**Problem to solve**. Would you return exactly the lines below from the line with "Sustainable Linked Loan (SLL)" through the line with "Пам'ятник у Лада в Под'ештеді.", both included, and nothing else, leaving out the pictures?

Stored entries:
=== Section Start ===

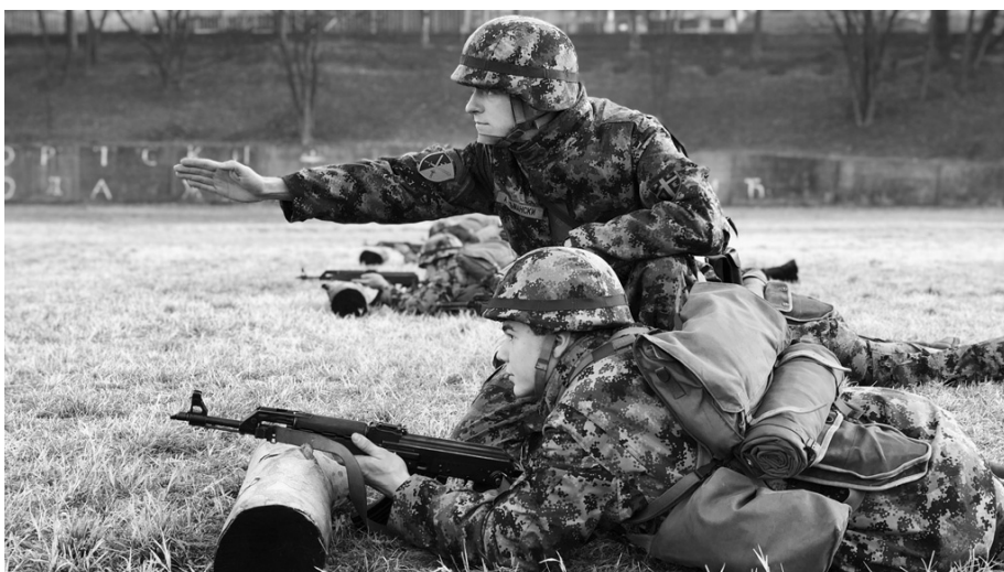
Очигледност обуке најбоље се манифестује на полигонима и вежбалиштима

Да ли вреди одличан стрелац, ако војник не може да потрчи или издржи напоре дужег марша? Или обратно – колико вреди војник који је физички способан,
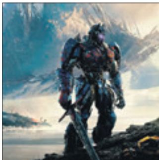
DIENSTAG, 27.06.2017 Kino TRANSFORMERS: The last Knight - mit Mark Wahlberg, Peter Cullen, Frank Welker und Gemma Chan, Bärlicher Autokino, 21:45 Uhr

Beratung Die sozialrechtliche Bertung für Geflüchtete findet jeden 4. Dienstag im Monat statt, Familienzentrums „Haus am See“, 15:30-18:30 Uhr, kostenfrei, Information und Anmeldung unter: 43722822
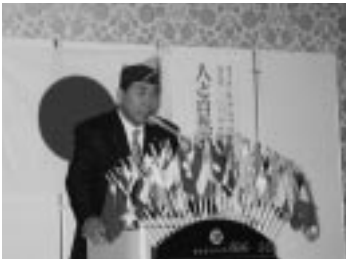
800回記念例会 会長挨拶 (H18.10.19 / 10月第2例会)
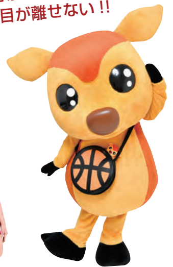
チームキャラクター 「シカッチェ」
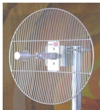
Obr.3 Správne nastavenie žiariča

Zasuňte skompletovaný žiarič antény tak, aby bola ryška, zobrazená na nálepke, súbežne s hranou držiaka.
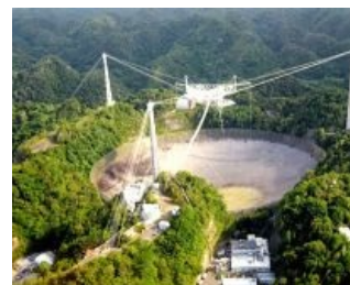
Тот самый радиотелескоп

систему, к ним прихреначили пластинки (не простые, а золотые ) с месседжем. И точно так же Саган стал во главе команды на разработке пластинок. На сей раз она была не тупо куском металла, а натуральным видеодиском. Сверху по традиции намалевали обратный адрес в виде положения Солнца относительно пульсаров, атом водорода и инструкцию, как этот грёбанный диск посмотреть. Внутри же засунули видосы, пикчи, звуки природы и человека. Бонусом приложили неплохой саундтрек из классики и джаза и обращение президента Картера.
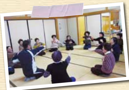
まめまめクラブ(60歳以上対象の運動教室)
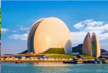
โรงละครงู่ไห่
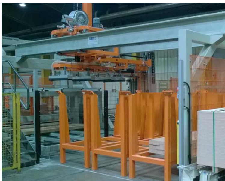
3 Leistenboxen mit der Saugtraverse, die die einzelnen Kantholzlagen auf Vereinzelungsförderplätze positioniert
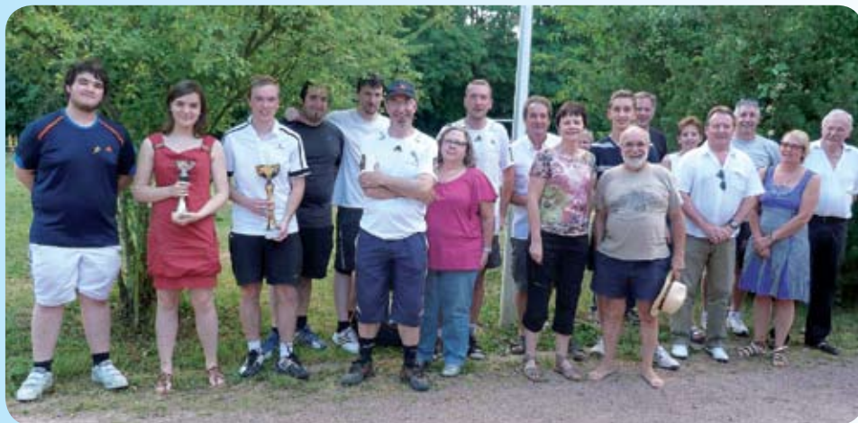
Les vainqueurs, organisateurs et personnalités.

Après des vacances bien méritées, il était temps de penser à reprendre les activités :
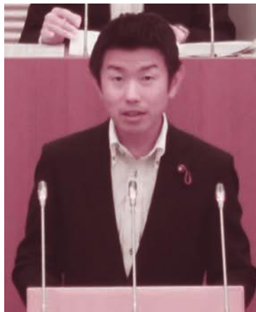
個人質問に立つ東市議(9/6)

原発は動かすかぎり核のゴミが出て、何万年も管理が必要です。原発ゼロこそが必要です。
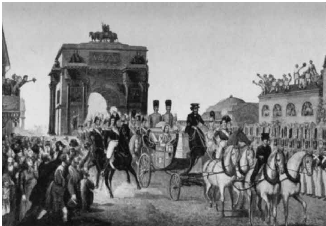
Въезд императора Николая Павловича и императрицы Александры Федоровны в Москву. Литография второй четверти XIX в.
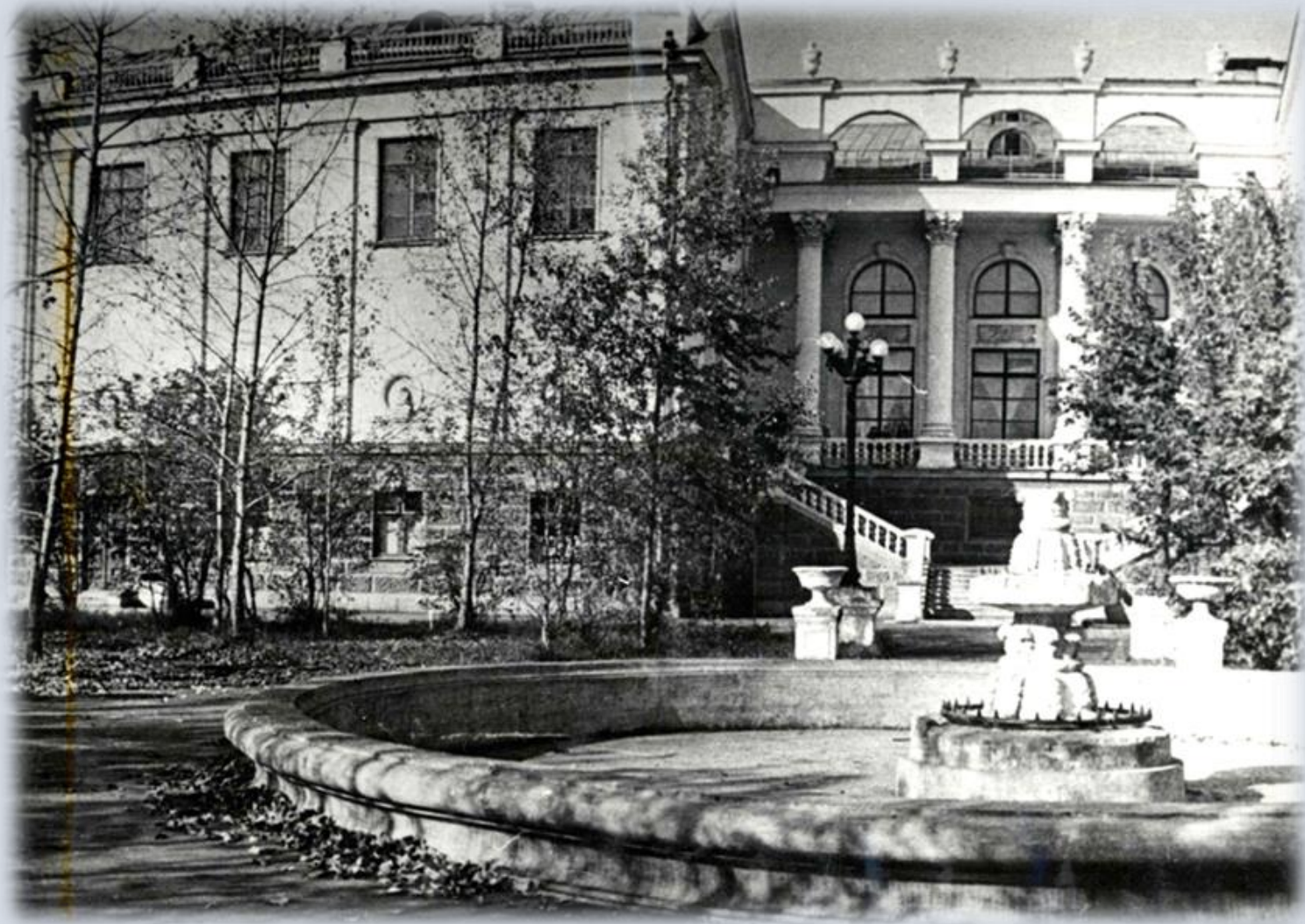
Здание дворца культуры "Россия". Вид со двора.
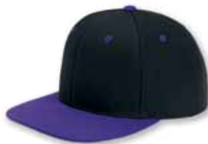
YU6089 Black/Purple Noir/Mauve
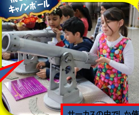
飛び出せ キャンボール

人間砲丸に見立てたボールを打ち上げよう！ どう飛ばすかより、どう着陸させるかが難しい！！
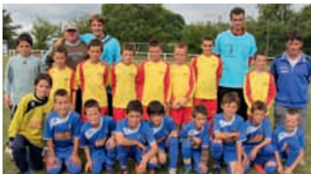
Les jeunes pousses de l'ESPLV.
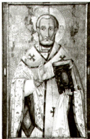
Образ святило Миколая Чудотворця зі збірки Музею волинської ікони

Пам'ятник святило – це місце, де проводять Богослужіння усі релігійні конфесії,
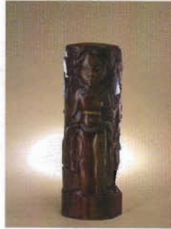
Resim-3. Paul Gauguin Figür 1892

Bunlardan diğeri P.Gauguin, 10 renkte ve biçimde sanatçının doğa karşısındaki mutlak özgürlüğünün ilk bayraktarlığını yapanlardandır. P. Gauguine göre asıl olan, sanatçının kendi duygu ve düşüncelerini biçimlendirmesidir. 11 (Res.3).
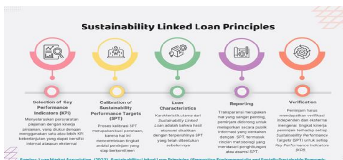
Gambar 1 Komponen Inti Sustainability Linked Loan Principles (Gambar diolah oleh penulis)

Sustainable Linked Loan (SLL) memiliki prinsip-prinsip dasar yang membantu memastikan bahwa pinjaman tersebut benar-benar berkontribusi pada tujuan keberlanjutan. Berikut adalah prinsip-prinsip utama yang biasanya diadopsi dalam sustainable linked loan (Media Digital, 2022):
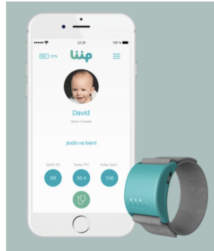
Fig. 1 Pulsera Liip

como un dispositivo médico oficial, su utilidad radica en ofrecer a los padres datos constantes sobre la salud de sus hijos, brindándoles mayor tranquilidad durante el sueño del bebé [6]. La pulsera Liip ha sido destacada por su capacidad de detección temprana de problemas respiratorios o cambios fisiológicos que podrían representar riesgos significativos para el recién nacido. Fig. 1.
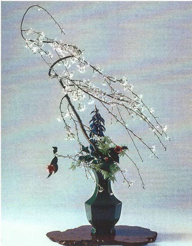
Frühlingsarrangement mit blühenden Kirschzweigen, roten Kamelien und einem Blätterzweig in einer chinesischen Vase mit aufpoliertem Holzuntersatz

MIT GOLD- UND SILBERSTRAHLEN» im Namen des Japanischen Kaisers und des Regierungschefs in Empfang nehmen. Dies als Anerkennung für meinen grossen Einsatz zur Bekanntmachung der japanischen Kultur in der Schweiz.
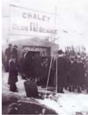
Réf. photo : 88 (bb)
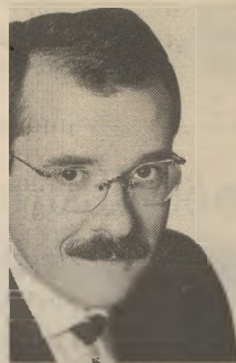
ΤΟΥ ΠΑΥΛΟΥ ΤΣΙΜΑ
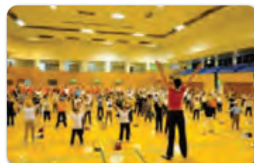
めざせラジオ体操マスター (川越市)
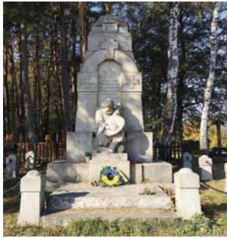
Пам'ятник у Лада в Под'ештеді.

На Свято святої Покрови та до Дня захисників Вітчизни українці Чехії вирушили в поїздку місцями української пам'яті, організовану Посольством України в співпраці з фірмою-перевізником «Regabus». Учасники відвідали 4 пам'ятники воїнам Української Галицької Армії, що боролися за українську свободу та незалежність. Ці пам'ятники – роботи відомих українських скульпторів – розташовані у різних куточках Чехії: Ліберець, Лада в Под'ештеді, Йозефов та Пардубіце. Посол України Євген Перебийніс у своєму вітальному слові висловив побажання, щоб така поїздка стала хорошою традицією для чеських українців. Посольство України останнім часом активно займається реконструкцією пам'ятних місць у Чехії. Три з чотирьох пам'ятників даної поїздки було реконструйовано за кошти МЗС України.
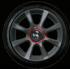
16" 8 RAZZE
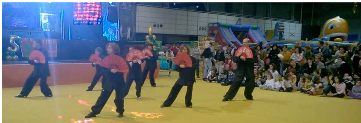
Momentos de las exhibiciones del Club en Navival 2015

=== Section End ===

**Solved problem**.
Sustainable Linked Loan (SLL) memiliki prinsip-prinsip dasar yang membantu memastikan bahwa pinjaman tersebut benar-benar berkontribusi pada tujuan keberlanjutan. Berikut adalah prinsip-prinsip utama yang biasanya diadopsi dalam sustainable linked loan (Media Digital, 2022):
Fig. 1 Pulsera Liip

como un dispositivo médico oficial, su utilidad radica en ofrecer a los padres datos constantes sobre la salud de sus hijos, brindándoles mayor tranquilidad durante el sueño del bebé [6]. La pulsera Liip ha sido destacada por su capacidad de detección temprana de problemas respiratorios o cambios fisiológicos que podrían representar riesgos significativos para el recién nacido. Fig. 1.
Frühlingsarrangement mit blühenden Kirschzweigen, roten Kamelien und einem Blätterzweig in einer chinesischen Vase mit aufpoliertem Holzuntersatz

MIT GOLD- UND SILBERSTRAHLEN» im Namen des Japanischen Kaisers und des Regierungschefs in Empfang nehmen. Dies als Anerkennung für meinen grossen Einsatz zur Bekanntmachung der japanischen Kultur in der Schweiz.
Réf. photo : 88 (bb)
ΤΟΥ ΠΑΥΛΟΥ ΤΣΙΜΑ
めざせラジオ体操マスター (川越市)
Пам'ятник у Лада в Под'ештеді.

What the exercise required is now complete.